The following tests evaluate the end-to-end performance of version 25.01 on multi-node GPU/PPU clusters. The comparison includes:

  1. Alibaba Cloud AI image: Base+ACCL: The base image using the ACCL communication library.

  2. Alibaba Cloud AI image: AC2+ACCL: The golden image using the AC2 BaseOS without any optimizations enabled.

  3. Alibaba Cloud AI image: AC2+ACCL+CompilerOpt: The golden image using the AC2 BaseOS with only the torch.compile optimization enabled.

  4. Alibaba Cloud AI image: AC2+ACCL+CompilerOpt+CkptOpt: The golden image using the AC2 BaseOS with both torch.compile and selective activation checkpointing optimizations enabled.

image.png

Quick start

The following examples show how to pull the training-xpu-pytorch image by using Docker.

Note

To use the training-xpu-pytorch image in ACS, select it from the Artifacts Center page when you create a workload in the console, or specify the image reference in a YAML file.

Step 1: Log in to the registry

docker login egslingjun-registry.cn-wulanchabu.cr.aliyuncs.com

Step 2: Enable optimizations

  • Enable compilation optimization

    Use the Transformers Trainer API:

    image.png

  • Enable memory optimization with activation checkpointing

    export CHECKPOINT_OPTIMIZATION=true

Step 3: Start the container

The image includes a built-in model training tool, ljperf. The following steps describe how to start the container and run a training task by using this tool.

Note

For Alibaba Cloud services, use a YAML file to reference the image.

LLM workloads

# Start the container and go to the command line
docker run --rm -it --ipc=host --net=host  --privileged egslingjun-registry.cn-wulanchabu.cr.aliyuncs.com/egslingjun/training-xpu-pytorch:[tag]

# Run a training demo
ljperf benchmark --model deepspeed/llama3-8b 

Step 4: Usage recommendations

  • The image contains modifications to libraries such as PyTorch and DeepSpeed that will be upstreamed. Do not reinstall these libraries.

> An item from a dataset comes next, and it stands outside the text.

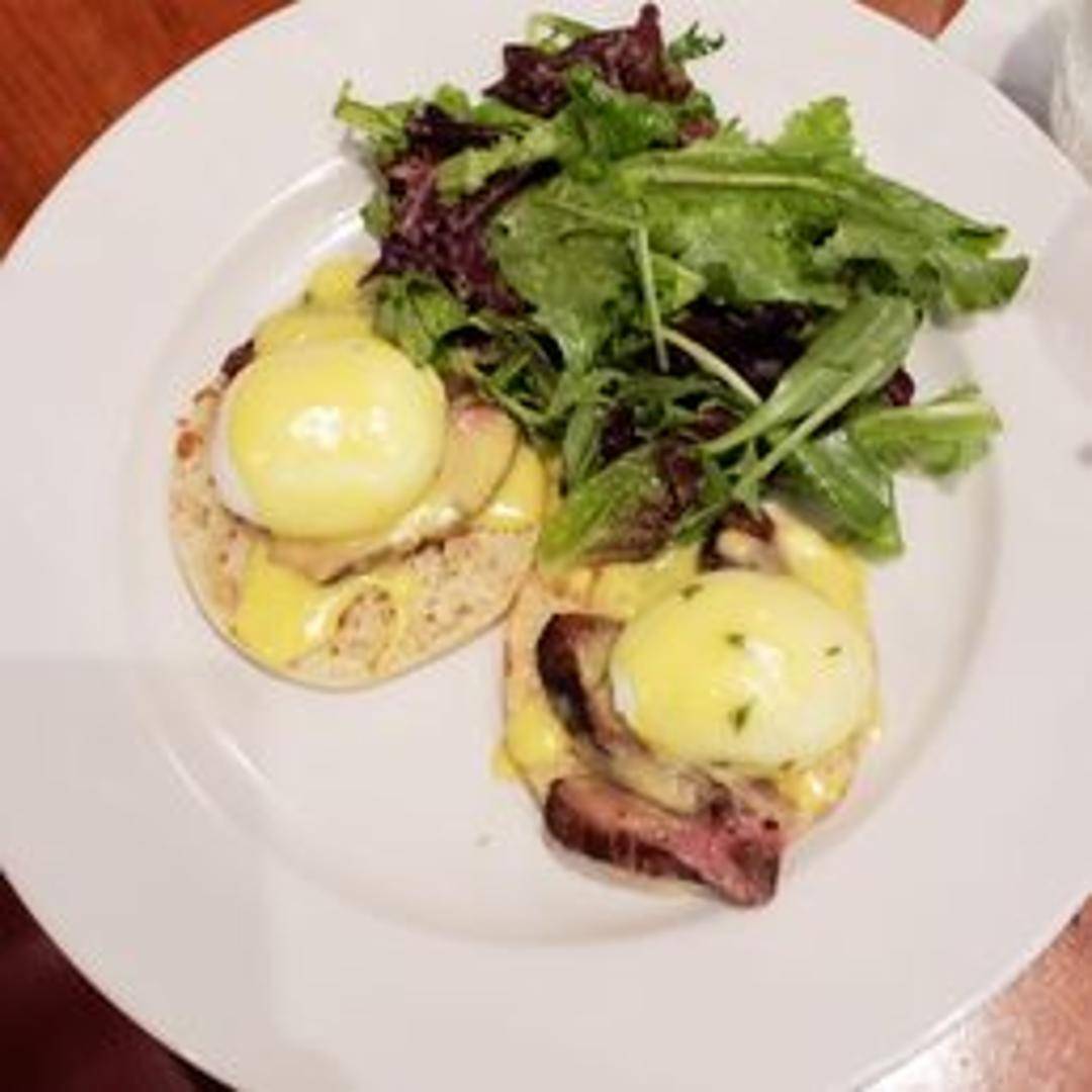 Toasted English muffin topped with Canadian bacon, poached eggs, and classic hollandaise sauce. Served with a side of breakfast potatoes.

  • In your DeepSpeed configuration, leave zero_optimization.stage3_prefetch_bucket_size empty or set it to auto.

Known issues

The PPU-compatible cuDNN version currently does not support the FMA feature. Consequently, the PPU-compatible TransformerEngine (TE) cannot use FusedAttention (cudnn). Use FlashAttention instead:export NVTE_FLASH_ATTN=1 && export NVTE_FUSED_ATTN=0.